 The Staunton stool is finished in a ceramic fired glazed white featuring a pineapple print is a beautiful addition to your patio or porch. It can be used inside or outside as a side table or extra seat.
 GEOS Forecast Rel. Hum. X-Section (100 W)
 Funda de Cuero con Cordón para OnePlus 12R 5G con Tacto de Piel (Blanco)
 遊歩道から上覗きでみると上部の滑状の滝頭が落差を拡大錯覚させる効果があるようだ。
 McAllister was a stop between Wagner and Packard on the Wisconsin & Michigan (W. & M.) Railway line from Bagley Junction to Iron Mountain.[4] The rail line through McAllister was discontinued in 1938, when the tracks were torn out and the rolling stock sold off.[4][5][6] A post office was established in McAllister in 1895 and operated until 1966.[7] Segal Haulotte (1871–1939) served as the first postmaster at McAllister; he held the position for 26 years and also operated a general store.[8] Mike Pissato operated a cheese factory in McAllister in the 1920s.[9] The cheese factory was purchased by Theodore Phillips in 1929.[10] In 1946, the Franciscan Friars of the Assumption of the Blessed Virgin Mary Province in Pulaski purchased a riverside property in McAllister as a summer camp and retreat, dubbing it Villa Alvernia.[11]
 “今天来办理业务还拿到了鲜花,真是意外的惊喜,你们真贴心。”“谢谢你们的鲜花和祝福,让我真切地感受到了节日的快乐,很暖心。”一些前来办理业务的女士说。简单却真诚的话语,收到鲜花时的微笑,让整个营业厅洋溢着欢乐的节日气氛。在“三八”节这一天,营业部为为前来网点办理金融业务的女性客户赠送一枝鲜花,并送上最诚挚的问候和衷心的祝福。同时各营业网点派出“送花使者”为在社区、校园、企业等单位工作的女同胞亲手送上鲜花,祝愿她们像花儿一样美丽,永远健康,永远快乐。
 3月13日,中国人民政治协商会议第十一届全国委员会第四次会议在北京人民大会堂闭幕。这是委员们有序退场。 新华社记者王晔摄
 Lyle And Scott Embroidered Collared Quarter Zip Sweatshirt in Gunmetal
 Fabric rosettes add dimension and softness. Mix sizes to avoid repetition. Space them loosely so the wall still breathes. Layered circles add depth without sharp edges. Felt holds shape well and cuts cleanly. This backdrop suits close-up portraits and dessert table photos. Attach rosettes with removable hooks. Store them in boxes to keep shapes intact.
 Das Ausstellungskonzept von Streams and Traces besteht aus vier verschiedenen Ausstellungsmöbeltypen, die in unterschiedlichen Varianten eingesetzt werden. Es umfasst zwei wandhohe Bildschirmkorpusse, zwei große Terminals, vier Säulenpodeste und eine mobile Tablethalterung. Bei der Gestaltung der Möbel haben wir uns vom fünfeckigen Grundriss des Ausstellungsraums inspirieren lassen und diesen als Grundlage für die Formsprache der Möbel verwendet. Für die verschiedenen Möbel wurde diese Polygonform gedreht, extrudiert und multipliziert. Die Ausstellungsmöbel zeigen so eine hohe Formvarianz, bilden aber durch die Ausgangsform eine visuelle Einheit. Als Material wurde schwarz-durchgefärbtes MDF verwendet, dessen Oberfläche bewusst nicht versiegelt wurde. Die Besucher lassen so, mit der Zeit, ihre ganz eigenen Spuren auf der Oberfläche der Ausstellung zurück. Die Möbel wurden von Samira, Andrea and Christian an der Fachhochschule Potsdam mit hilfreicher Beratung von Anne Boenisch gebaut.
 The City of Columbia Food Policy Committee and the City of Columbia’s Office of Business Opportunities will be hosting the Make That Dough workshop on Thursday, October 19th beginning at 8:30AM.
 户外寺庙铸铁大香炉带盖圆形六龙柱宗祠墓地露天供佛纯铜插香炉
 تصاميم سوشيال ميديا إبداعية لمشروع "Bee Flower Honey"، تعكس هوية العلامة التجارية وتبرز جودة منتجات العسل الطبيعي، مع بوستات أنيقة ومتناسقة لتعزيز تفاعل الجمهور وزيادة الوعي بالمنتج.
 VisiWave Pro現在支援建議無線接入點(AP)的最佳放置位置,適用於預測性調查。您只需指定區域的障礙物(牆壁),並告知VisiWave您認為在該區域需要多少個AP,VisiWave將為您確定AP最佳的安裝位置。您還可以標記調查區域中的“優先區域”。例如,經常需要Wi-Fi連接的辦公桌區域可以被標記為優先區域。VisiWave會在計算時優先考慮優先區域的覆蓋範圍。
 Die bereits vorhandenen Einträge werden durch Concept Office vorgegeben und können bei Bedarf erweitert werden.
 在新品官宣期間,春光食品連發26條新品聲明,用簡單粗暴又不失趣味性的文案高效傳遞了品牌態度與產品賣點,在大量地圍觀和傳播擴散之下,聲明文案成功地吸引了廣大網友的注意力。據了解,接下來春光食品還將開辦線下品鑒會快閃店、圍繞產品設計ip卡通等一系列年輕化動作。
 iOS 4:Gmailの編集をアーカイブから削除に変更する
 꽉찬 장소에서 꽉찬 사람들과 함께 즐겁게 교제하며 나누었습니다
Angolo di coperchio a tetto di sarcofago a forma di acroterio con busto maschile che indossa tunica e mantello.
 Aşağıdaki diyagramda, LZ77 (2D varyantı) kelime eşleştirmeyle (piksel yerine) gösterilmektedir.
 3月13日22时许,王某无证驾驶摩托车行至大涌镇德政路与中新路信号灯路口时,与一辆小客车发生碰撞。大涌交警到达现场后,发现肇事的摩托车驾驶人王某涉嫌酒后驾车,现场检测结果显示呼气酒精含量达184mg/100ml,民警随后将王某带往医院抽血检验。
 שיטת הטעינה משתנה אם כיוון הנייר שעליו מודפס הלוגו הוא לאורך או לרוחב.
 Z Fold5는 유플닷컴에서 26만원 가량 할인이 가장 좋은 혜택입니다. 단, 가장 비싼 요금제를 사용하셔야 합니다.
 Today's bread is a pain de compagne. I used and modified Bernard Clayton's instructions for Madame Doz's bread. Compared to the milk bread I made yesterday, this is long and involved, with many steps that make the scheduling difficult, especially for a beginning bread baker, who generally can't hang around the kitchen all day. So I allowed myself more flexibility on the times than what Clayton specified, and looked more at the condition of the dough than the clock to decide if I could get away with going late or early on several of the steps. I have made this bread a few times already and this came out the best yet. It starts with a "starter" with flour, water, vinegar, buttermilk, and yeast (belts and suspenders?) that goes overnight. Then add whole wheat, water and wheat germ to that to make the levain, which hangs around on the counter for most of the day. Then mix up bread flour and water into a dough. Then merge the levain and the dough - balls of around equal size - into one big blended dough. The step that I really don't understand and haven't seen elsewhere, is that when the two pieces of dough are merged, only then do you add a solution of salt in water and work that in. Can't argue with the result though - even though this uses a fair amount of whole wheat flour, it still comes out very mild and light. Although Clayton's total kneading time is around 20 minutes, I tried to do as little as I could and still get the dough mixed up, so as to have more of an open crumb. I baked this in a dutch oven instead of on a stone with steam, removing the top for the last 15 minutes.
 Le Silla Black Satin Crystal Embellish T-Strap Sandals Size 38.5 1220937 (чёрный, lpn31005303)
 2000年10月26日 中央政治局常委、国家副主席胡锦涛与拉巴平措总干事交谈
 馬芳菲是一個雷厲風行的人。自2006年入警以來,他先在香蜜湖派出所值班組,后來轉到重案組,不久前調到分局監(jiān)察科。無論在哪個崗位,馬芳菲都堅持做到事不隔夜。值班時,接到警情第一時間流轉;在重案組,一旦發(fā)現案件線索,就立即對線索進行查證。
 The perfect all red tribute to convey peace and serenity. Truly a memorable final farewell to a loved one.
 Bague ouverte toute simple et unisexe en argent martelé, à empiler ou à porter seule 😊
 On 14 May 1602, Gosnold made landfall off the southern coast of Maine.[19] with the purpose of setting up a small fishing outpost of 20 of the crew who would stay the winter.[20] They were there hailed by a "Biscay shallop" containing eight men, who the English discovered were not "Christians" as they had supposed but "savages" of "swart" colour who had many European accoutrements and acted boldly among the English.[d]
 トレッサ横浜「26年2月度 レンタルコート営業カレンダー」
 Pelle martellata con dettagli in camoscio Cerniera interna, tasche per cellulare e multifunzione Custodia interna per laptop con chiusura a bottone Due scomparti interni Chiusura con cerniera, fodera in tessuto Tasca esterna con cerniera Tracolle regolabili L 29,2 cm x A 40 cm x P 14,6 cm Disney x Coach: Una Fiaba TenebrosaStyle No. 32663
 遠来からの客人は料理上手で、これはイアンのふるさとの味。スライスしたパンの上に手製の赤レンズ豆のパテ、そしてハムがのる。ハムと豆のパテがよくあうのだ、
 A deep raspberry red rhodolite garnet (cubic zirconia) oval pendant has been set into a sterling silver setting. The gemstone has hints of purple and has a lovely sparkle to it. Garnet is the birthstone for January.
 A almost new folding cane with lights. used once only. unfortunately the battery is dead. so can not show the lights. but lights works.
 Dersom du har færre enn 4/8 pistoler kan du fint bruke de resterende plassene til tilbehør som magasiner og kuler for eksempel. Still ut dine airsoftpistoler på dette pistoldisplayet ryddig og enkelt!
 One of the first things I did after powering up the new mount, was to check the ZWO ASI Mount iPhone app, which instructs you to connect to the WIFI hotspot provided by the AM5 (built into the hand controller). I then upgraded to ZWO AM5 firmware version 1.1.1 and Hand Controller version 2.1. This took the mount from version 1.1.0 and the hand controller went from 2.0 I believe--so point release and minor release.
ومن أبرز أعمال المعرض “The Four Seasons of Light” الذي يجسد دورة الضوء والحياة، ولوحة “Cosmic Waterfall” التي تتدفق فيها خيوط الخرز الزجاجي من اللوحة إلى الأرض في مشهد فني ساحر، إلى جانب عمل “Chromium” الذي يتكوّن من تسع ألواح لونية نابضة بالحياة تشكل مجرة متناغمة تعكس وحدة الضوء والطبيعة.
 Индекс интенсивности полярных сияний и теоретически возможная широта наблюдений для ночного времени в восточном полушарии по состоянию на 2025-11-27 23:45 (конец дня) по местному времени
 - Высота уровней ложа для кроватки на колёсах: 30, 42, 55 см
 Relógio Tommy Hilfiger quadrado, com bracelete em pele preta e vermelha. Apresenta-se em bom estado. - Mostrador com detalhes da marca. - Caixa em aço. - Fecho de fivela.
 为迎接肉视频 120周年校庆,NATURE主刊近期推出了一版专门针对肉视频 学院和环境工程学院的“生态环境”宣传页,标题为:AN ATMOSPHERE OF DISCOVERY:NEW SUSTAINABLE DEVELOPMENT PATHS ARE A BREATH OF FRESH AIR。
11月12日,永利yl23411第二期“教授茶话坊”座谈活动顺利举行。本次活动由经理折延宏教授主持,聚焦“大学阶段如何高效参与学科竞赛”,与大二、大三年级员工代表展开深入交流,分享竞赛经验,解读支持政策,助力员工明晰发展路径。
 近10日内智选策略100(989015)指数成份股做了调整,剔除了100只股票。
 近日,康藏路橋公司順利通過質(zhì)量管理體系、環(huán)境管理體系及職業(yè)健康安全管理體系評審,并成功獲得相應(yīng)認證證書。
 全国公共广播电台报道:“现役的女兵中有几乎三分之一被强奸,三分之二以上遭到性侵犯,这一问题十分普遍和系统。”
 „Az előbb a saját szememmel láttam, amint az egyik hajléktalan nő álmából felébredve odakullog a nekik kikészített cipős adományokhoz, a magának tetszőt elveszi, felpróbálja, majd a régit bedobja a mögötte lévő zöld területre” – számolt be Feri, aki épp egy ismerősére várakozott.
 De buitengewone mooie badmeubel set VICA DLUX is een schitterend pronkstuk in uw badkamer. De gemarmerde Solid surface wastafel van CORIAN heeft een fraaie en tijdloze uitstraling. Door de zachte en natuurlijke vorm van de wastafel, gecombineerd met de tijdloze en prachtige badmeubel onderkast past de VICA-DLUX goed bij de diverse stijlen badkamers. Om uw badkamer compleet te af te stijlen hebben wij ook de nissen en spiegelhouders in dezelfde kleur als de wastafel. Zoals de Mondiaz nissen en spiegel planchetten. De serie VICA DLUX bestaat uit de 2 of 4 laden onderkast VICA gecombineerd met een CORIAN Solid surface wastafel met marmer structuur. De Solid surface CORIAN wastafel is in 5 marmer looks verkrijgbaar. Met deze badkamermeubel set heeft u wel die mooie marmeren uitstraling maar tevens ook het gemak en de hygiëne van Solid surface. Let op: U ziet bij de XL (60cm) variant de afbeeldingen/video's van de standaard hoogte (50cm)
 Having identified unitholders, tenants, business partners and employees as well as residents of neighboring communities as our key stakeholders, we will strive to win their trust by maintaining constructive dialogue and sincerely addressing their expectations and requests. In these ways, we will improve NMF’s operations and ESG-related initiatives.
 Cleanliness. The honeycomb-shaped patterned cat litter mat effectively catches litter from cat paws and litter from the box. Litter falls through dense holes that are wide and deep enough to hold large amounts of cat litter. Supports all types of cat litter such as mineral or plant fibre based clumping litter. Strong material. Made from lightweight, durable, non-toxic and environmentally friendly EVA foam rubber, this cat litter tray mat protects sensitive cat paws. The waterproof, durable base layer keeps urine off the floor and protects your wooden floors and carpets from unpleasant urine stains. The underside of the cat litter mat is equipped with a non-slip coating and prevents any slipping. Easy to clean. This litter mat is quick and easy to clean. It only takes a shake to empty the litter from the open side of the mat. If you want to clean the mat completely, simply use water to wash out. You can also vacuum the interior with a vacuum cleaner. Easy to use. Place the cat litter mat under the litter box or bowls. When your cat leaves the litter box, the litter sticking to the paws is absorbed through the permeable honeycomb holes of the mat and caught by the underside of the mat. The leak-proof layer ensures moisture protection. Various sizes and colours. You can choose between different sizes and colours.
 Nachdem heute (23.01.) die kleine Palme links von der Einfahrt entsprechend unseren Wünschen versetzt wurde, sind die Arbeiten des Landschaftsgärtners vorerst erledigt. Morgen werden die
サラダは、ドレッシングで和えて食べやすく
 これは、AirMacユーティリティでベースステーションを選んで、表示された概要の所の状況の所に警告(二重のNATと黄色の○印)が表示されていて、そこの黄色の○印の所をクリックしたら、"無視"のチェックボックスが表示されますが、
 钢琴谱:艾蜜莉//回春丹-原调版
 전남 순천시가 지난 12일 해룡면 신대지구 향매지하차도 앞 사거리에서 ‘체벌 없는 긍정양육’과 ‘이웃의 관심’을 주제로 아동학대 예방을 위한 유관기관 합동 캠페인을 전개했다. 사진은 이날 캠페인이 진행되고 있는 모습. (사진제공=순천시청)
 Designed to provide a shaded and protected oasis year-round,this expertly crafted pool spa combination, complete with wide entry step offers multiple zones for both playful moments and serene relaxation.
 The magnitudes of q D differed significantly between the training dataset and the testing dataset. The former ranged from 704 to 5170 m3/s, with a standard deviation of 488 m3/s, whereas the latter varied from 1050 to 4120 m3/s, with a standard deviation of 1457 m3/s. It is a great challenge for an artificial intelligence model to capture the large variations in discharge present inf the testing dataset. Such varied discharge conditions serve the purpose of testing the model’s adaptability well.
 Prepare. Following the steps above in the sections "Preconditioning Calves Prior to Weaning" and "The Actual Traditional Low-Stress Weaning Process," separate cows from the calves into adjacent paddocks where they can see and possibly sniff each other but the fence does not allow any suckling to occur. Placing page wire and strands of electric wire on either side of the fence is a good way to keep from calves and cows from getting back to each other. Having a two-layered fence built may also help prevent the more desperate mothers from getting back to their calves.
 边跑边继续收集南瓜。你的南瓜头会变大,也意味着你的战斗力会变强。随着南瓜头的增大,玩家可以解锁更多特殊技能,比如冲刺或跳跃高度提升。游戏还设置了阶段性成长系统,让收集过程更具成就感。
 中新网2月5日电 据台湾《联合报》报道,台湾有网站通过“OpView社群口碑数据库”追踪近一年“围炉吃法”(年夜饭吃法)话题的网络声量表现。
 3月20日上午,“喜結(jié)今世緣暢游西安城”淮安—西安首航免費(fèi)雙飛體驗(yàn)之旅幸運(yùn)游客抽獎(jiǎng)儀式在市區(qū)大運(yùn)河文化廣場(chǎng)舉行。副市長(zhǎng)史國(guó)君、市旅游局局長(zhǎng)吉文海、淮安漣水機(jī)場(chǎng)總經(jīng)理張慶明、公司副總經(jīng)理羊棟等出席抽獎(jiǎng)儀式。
⁂
Can you repeat, word for word, every line above from the one containing "Funda de Cuero" down to the one containing "遊歩道から上覗きでみると上部", including both?

# SOLUTION BELOW:
 Funda de Cuero con Cordón para OnePlus 12R 5G con Tacto de Piel (Blanco)
 遊歩道から上覗きでみると上部の滑状の滝頭が落差を拡大錯覚させる効果があるようだ。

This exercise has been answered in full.